Instead, think “clear first, keyword‑rich second”:
- Front‑load your main phrase. Put the most important keyword in the first few words so it shows on mobile and signals relevance to Etsy search.
- Use separators. Commas or vertical bars make it easy for shoppers (and the algorithm) to see each phrase: “Custom Name Necklace, Dainty Gold Jewelry, Gift for Her”
- Mix in variations. Use a few related phrases in the rest of the title and in your tags: style, material, recipient, and occasion.
For tags, current best practice is to:
- Use all 13 tags.
- Focus on multi‑word phrases and long‑tail keywords.
- Avoid repeating the exact same phrase over and over.
If a listing is getting impressions but few clicks, refresh the title to be clearer and more benefit‑focused, then update a few weaker tags with better long‑tail options.
Matching your listing SEO to your ads for better visibility
Etsy Ads work best when your promoted listings already have strong, consistent SEO. The search system looks at how closely a shopper’s query matches your title, tags, categories, and description, then combines that with your bid and listing quality.
To help your promoted listings show more often and at a better cost per click:
- Align keywords across title and tags.
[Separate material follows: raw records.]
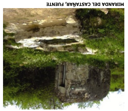
MIRANDA DEL CASTAÑAR, FUENTE

Iniciamos el camino frente al centro médico, recorriendo los primeros 700 m. para salir del núcleo del municipio, donde se disfruta de una espectacular vista de la villa medieval de Miranda del Castañar, el valle del río Francia y las panorámicas de la Sierra de Francia, destacando sobre ella, la Peña de Francia de 1723 m. de altitud, que nos acompañará durante un buen trecho como referencia paisajística de la comarca. Continuamos por la pista forestal entre robles, donde dejaremos a nuestra derecha el camping "El Burrito Blanco", seguimos, acompañados de robles con algún que otro viñedo, hasta una bifurcación de la pista donde cogemos la de la izquierda dejando a nuestra espalda la Sierra de Francia. Saliendo de los robles y tras una ligera subida, nos encontramos de frente con la espectacular vista de la Sierra de Béjar, pasando entre viñas llegamos a una segunda bifurcación de la pista, donde si seguimos por la izquierda iremos hacia Miranda y si continuamos recto por la variante, se llega, tras recorrer 300 m., al caño Cachope, donde una vez allí podremos refrescarnos antes de volver sobre nuestros pasos a la pista que nos lleva a Miranda, dejando a nuestro paso bosquesillos de madroños que en algunos casos forman pequeños rodallos; proseguimos hasta encontrarlos con otra bifurcación, donde giraremos a la izquierda y descendemos suavemente entre un espeso robleal sin salinos de la pista hasta desembocar en el colegio de Miranda del Castañar.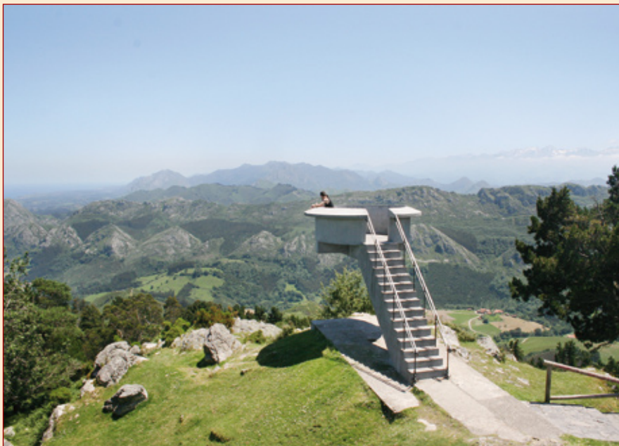
Desde el Mirador del Fito se contemplan unas panorámicas únicas de la montaña y la costa asturiana.

A escasos 20 kilómetros del litoral cantábrico, el paisaje parragués contiene joyas como la Tejada del Sueve, el mayor bosque de tejos de Europa, único en antigüedad, extensión y biodiversidad. Precisamente en la sierra del Sueve, que sirve como frontera con los municipios costeros, se encuentra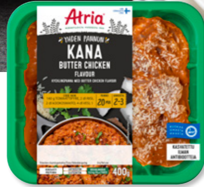
Atria Yhden Pannun Kana Butter Chicken 400g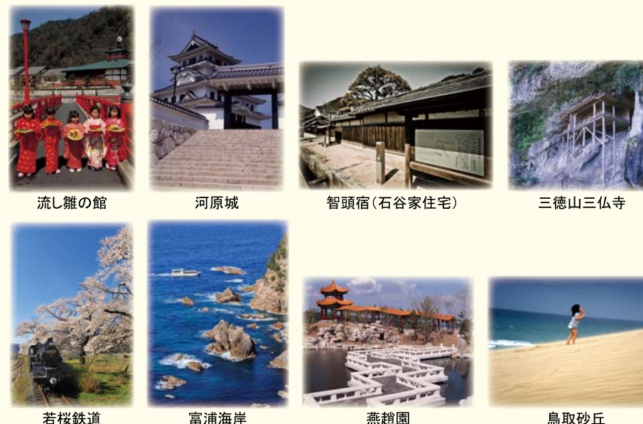
流し雛の館 河原城 智頭宿(石谷家住宅) 三徳山三仏寺 若桜鉄道 富浦海岸 燕趙園 鳥取砂丘

Etsy gives extra weight when important words appear in both places, especially near the start of the title.
- Keep everything accurate. Do not add trendy keywords that do not truly fit your product just to get more traffic. Mis‑matched clicks lower your listing quality score over time.
- Use the same focus phrases in your description’s opening lines. Etsy now looks at descriptions too, so repeating your main long‑tail keyword naturally in the first sentence or two reinforces what the item is about.
When your titles, tags, and descriptions all point clearly to the same set of long‑tail phrases, Etsy has a much easier time matching your promoted listings to the right shoppers. That usually means more relevant impressions, stronger click‑through rates, and better results from the ad budget you are already spending.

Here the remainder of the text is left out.